Analysis diagram of the parallel factor model. (a) Square residual, (b) core consistence, (c) interaction number.
Figure 5 showed the excitation and emission spectrum and calculated concentrations determined by the one component PARAFAC model. The maximum excitation wavelength of the first component was about 260 nm, and the maximum emission wavelength was about 370 nm, and the obtained concentration of dandelion flower extract was the highest, followed by tissues of stem, leaf and root. In addition, the obtained concentration of dandelion flower and stem, root and leaf overlapped with each other, this result indicated that one-component model cannot distinguish tissues of flower and leaf tissue, as well as root and leaf. Then the three-component model was established and shown in Fig. 6. The first component represented by the black line had a maximum excitation wavelength at about 260 nm and a maximum emission wavelength at about 370 nm, which were the same as the one component model, the second component marked with the red line had a maximum excitation wavelength at about 270 nm and a maximum emission wavelength at about 370 nm, while the third component of the blue line had a maximum excitation wavelength at about 230 nm and a maximum emission wavelength at about 350 nm. The concentration distribution was the same as the component one model, for the stem tissue had the highest concentration, followed by tissues of flower, leaf, and root respectively.

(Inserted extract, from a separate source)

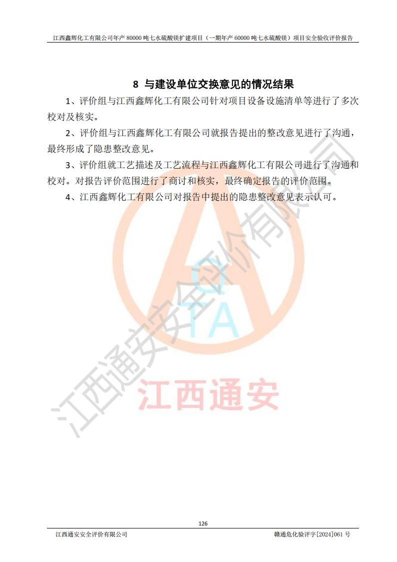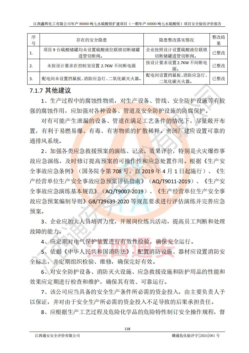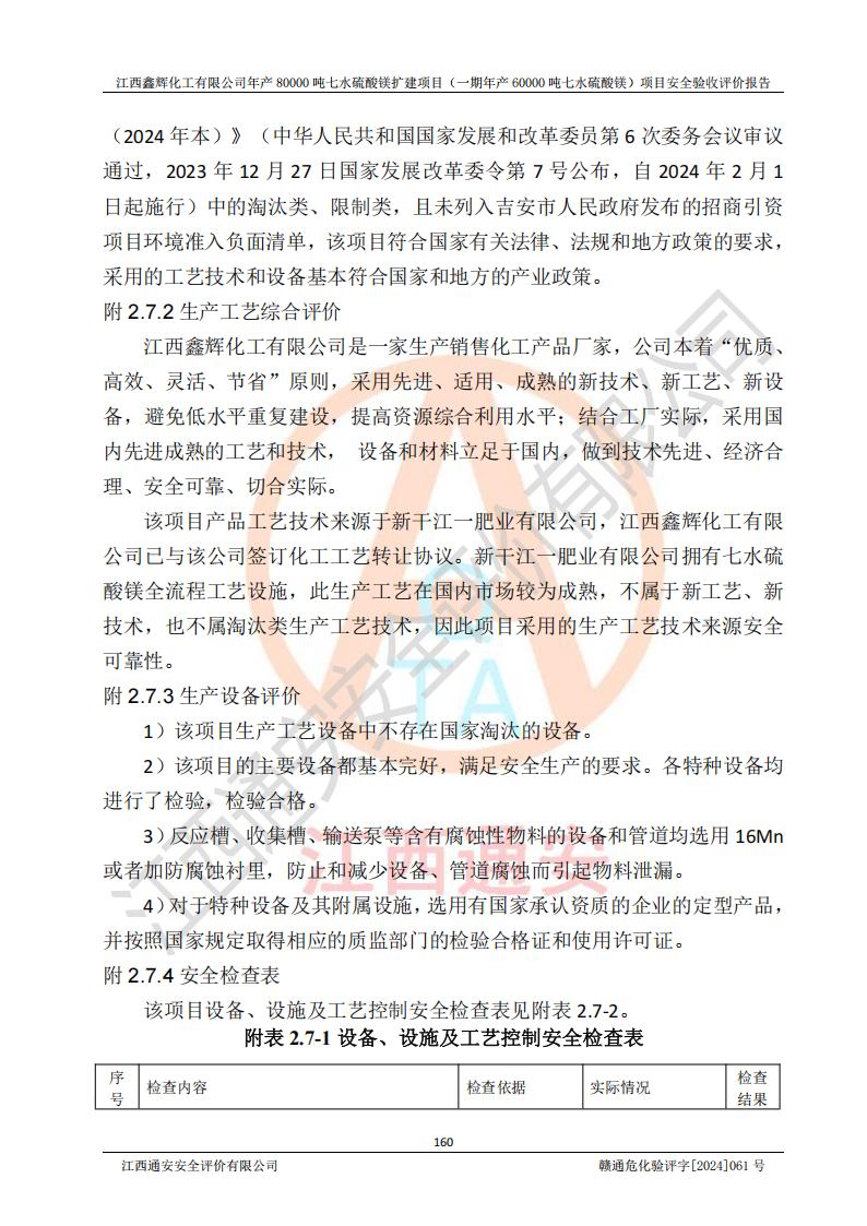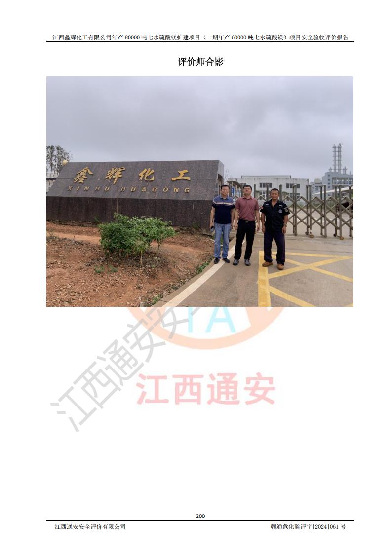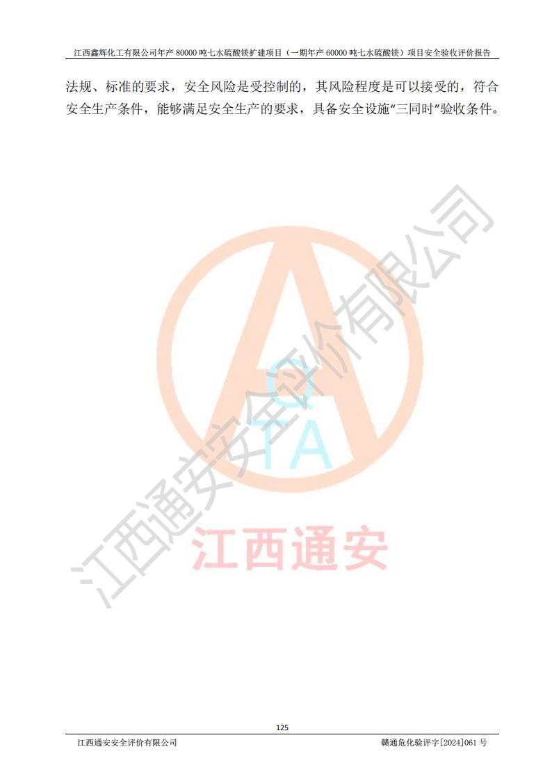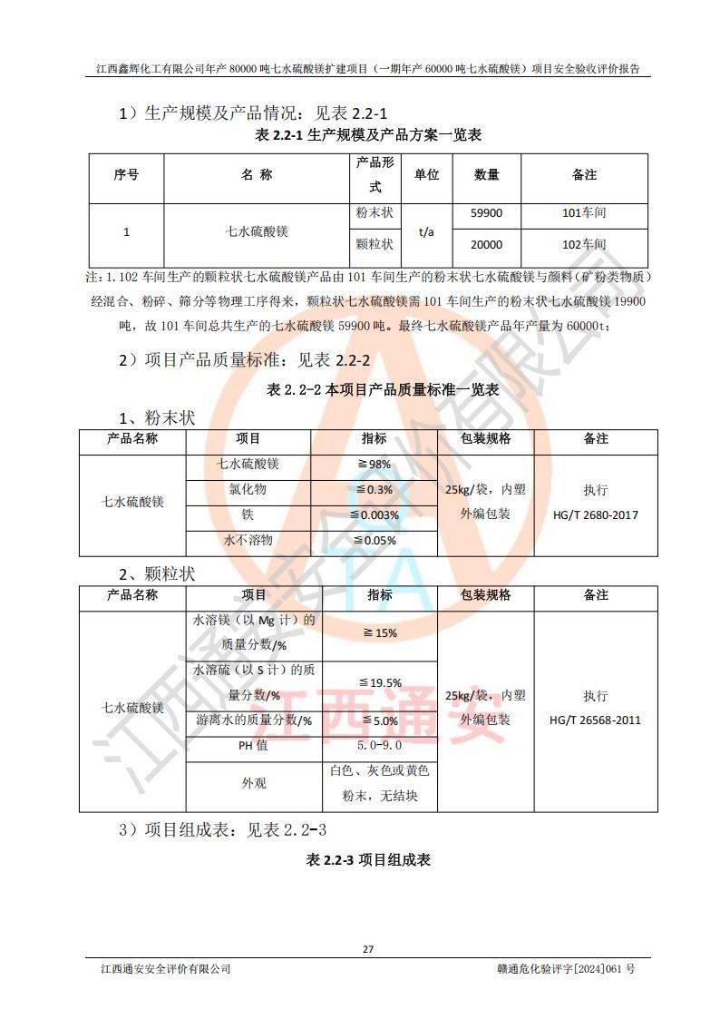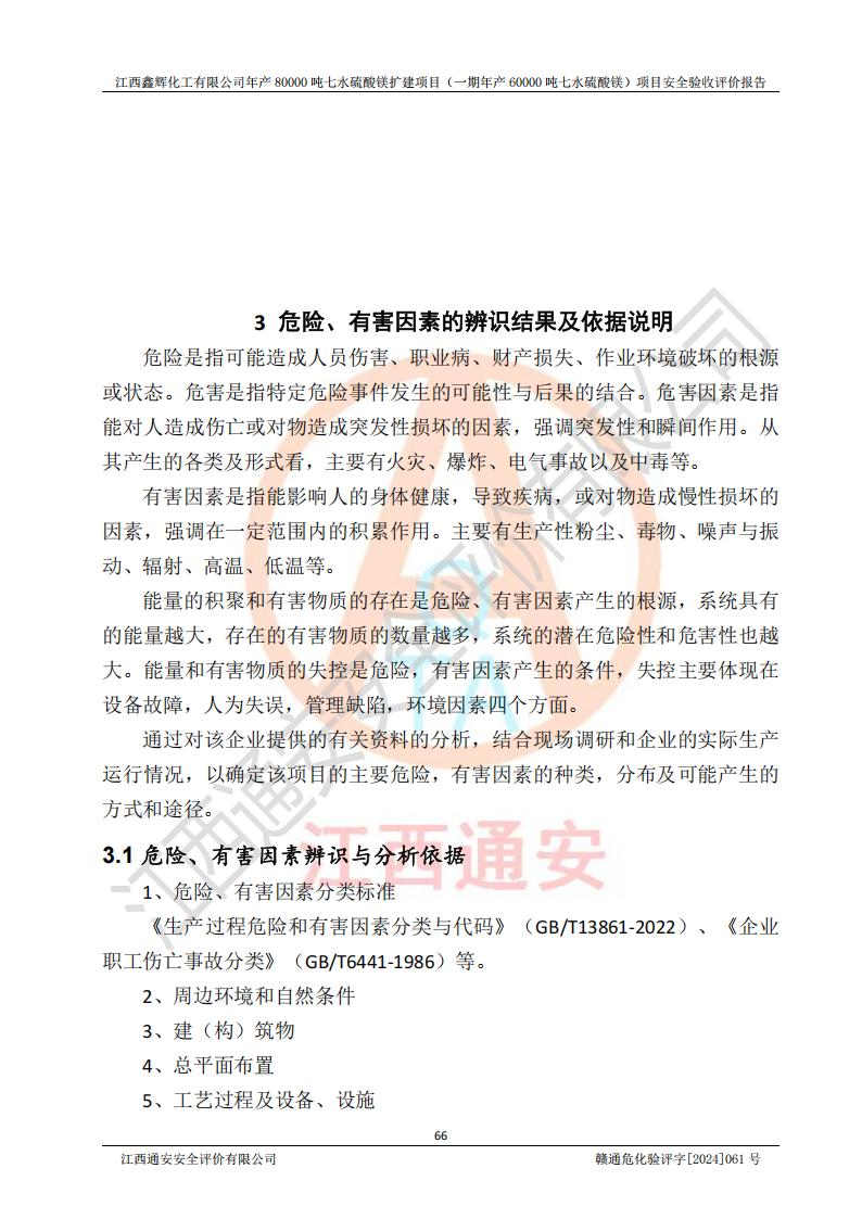 評價報告名稱 | 江西鑫輝化工有限公司年產(chǎn)80000噸七水硫酸鎂擴建項目(一期年產(chǎn)60000噸七水硫酸鎂)項目安全驗收評價 | |||
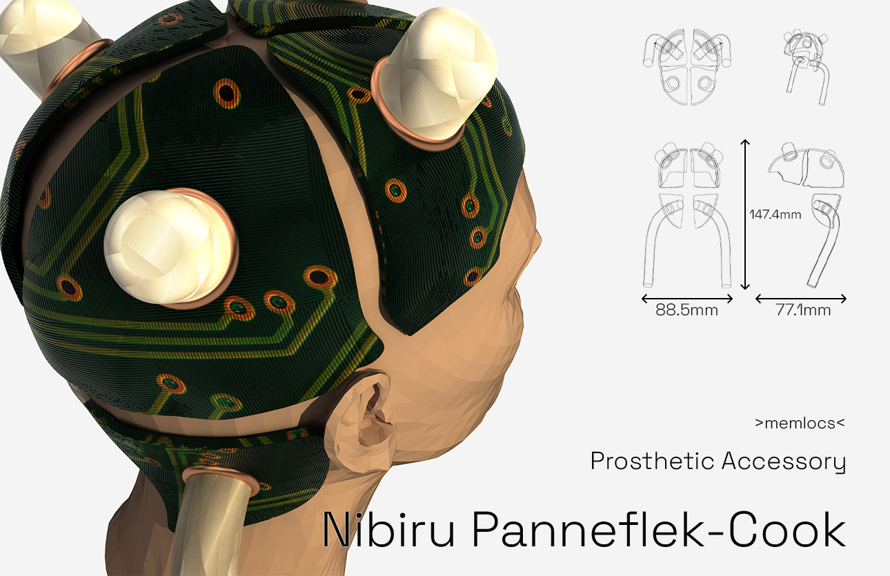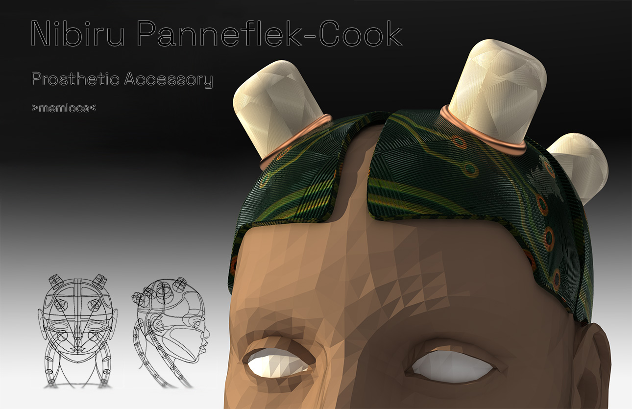 envisioned as hybrid cranial and neuroprosthetics that utilize deep brain stimulation to fulfill their intended purpose of external mental storage, >memlocs< offer an afrofuturist outlook on a posthuman world to come. these bionic enhancements aim to go beyond the functionality of their medical and cosmetic predecessors by granting their wearers pseudo-telepathic abilities in the form of remote synaptic connectivity with each other, resulting in heightened semantic interference thresholds, more efficient processing, and improved recall. equal parts treatment and fashion, this technology is well-suited to an exceedingly wide range of applications encompassing cranioplasty, cosmesis, and cooperative data management.

While the second component had the opposite tendency, the concentrations of root and leaf were higher compared to the flower and stem, and the concentration distribution of the third component was the same as the first, where the flower and stem concentration had a higher value, than root and leaf.
Figure 5.
Results of one component PARAFAC model of dandelion tissue extracts. (a) Excitation specta, (b) emission spectra, (c) relative concentration of dandelion tissue extract.
Figure 6.
Results of three component PARAFAC model of dandelion tissue extracts (a-b were (a) Excitation spectra, (b) emission spectra, (c) - (e) relative concentrations of dandelion tissue extracts in components I−III.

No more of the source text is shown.